为了让自己说的话更可信一些,他还提出了左证:“那个老巫婆专门售卖一些黑魔法物品,大多是从阿尔巴尼亚传过来的。
阿尔巴尼亚一直没有自己的魔法部,到现在还是作为‘飞地’受意大利魔法部的管理。可是监管很不严密,有很多黑巫师聚集。
那个老巫婆每次都是去巴勒莫进货,那是意大利魔法部总部所在的城市,有专门的魔法黑市。
你们说的那个‘马洛’我知道,他是个‘唐’。
他在意大利很有能量,无论在麻瓜之中,还是在巫师里面。
而且据说,他不仅是那个魔法黑市的幕后老板,还是意大利魔法部的‘影子部长’。”
功夫不负苦心人,一番费心费力的解释,让蒙顿格斯避免了一场喝下吐真剂的悲惨遭遇。
紧接着,在他的带领下,一帮加起来总年龄都超过1000岁的老巫师和老女巫,瞬间幻影移形来到了翻倒巷里,在吓跑了很多人之后,成功找到了那个正倚靠着巨怪脚趾呼呼大睡的老巫婆。

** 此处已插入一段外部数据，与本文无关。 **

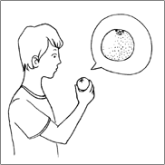 1、凝視手中的橘子(或其他物品),反復(fù)、仔細地觀察它的形狀、顏色、紋理脈絡(luò);然后用手觸摸它的表面質(zhì)地,看是光滑還是粗糙,再聞聞它有什么氣味。
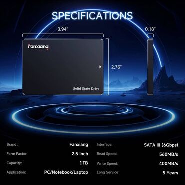 1 TBFanxiang S101 1TB SSD SATA III 6Gb/s 2.5" SSD Solid State Disk Daxili Sərt Disklər Kompüter ve Noutbuklar üçün: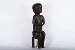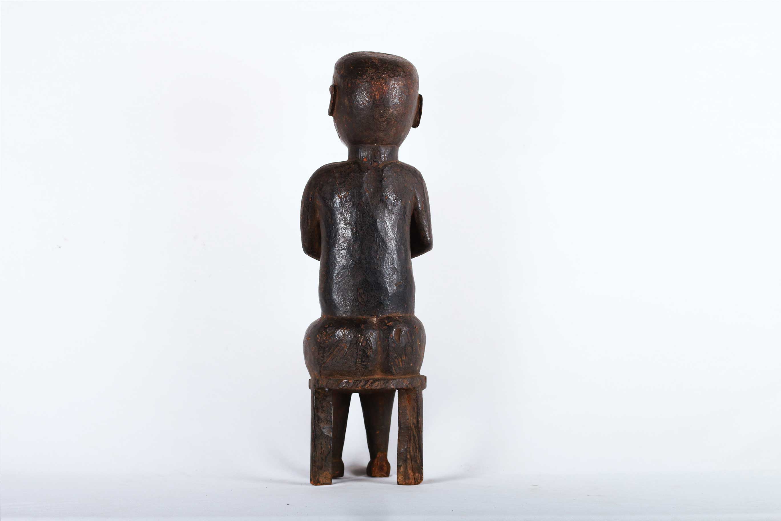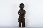 The Makonde of Tanzania and Mozambique are separated by the Rovuma River and are culturally distinct. The Makonde are known as master carvers throughout East Africa, Makonde sculptures were used as objects of worship. The following Makonde statue has a dark brownish shiny patina and is made out of hardwood, it looks visibly old.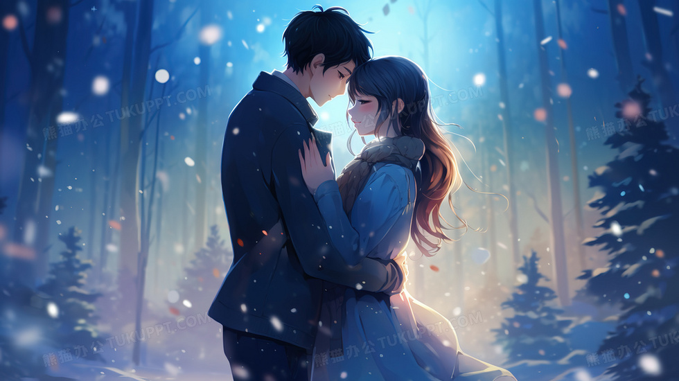 本作品内容为雪中相拥面对面的情侣情人节插画, 格式为 jpg, 大小4 MB, 图片尺寸为2912 x 1632, 源文件无水印, 欢迎使用熊猫办公。 如认为平台内容涉嫌侵权,可通过邮件:tousu@tukuppt.com提出书面通知,我们将及时处理。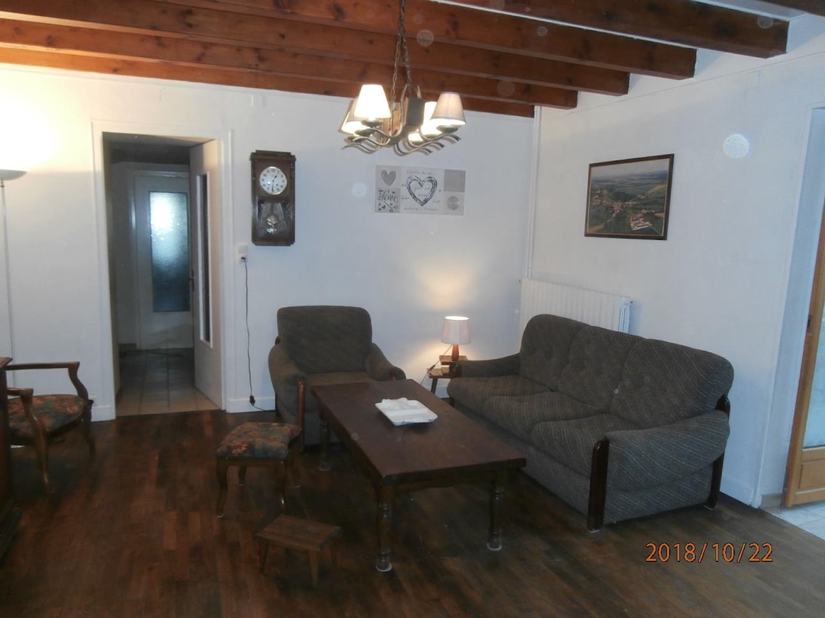Dans charmant petit village haut marnais à la limite des Vosges et de la Haute Saône, à 4 kms de la station thermale de Bourbonne les Bains Idéal pour cure, randonnées Au rez de chaussée , une cuisine , un salon , une véranda ,une buanderie, un wc A l'étage, 2 chambres (1 parentale avec salle de bain , 1 lit double) (la deuxieme 1 lit double et 1 lit simple), 1 wc indépendant Espace extérieur avec salon de jardin. Possibilité de garer un véhicule dans la cour Nécessaire de bébé disponible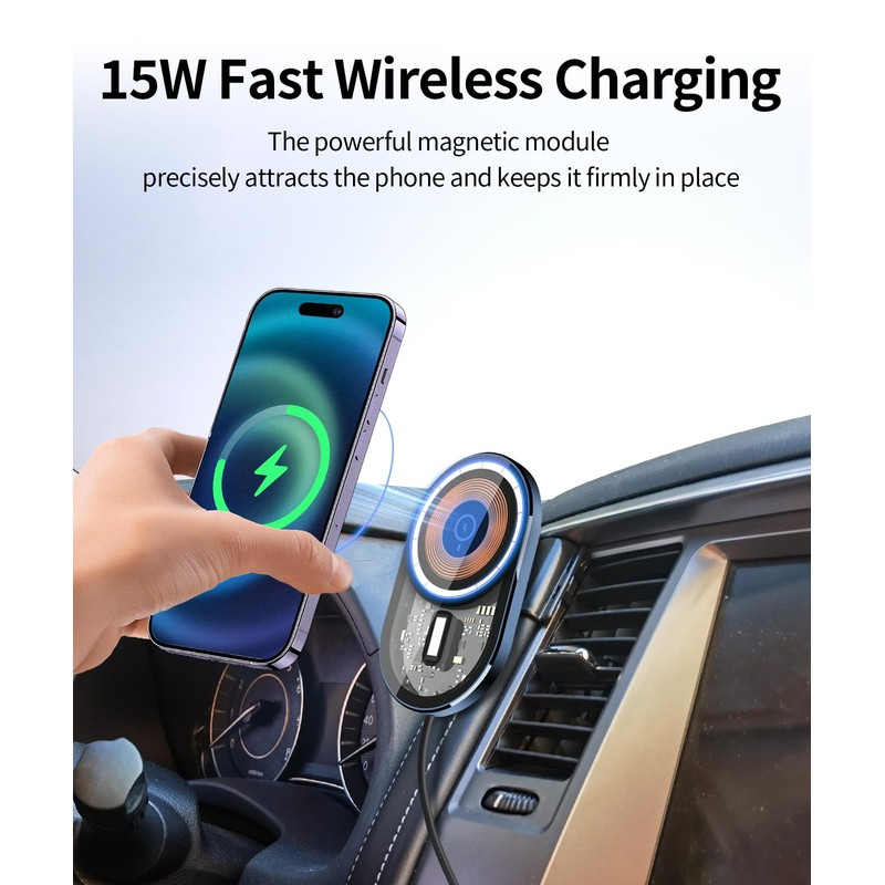 【Car Mount for MagSafe】Compatible with iPhone 16/15/14/13/12 Series Magsafe.(Attached metal ring, paste a metal ring to use other phones.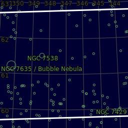 The Bubble Nebula is a hydrogen line emission nebula in the constellation Cassiopeia. The "bubble" is created by the stellar wind from a massive hot, 8.7 magnitude young central star, SAO 20575 pushing the gas away in an expanding wavefront. The nebula is near a giant molecular cloud that is also being excited by the hot central star providing the glowing background nebulosity. The Bubble Nebula was discovered in 1787 by William Herschel, but is difficult to detect visually with anything but the larger amateur telescopes in extremely dark skies.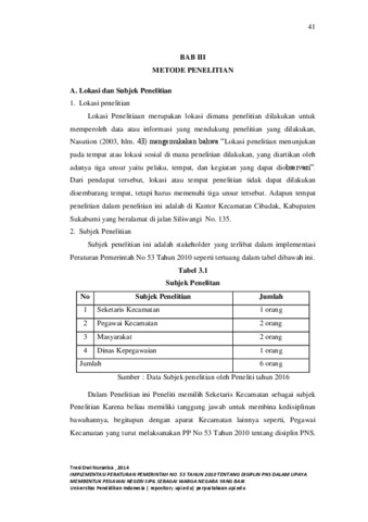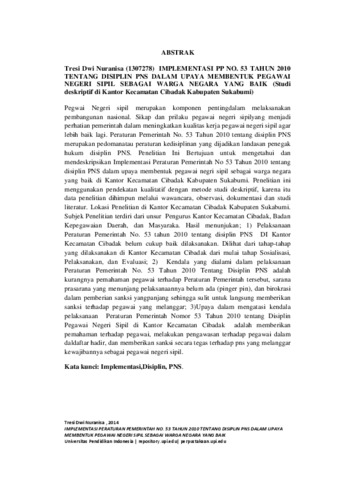 Nuranisa, Tresi Dwi (2017) IMPLEMENTASI PERATURAN PEMERINTAH NO. 53 TAHUN 2010 TENTANG DISIPLIN PNS DALAM UPAYA MEMBENTUK PEGAWAI NEGERI SIPIL SEBAGAI WARGA NEGARA YANG BAIK: Studi Deskriptif di Kantor Kecamatan Cibadak Kabupaten Sukabumi. S1 thesis, Universitas Pendidikan Indonesia.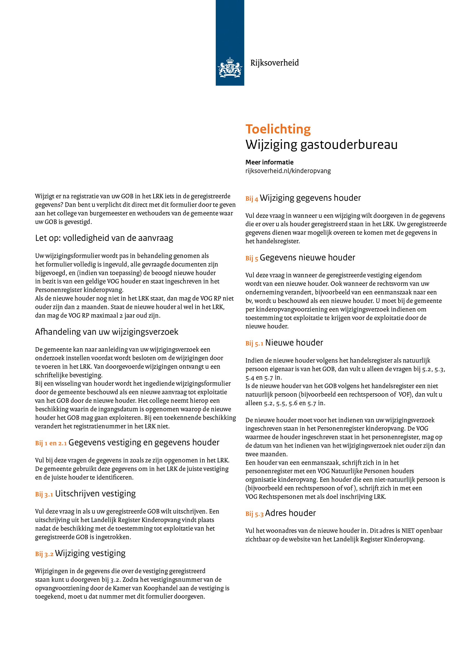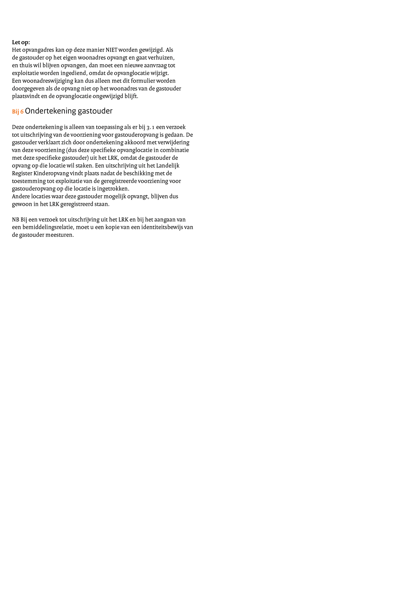opvang), 5 (Wijziging gastouderbureau) en 6 (Wijziging gastouderopvang) bij de

靠着魔杖和加隆开路,哪怕是被非常不礼貌吵醒的,可老巫婆最终还是非常礼貌地交出了门钥匙。
她恶狠狠地瞪了蒙顿格斯一眼,仿佛是在说:你丫给我等着!
不过,当门钥匙启动、一群老巫师和老女巫消失不见之后,蒙顿格斯这家伙也随即幻影移形逃离了这个是非之地,只留下一个对着空气破口大骂的老巫婆。
她是如此生气,以至于都没有注意到,她身后待售的那只巨怪已经悄悄拿起了木头棒子。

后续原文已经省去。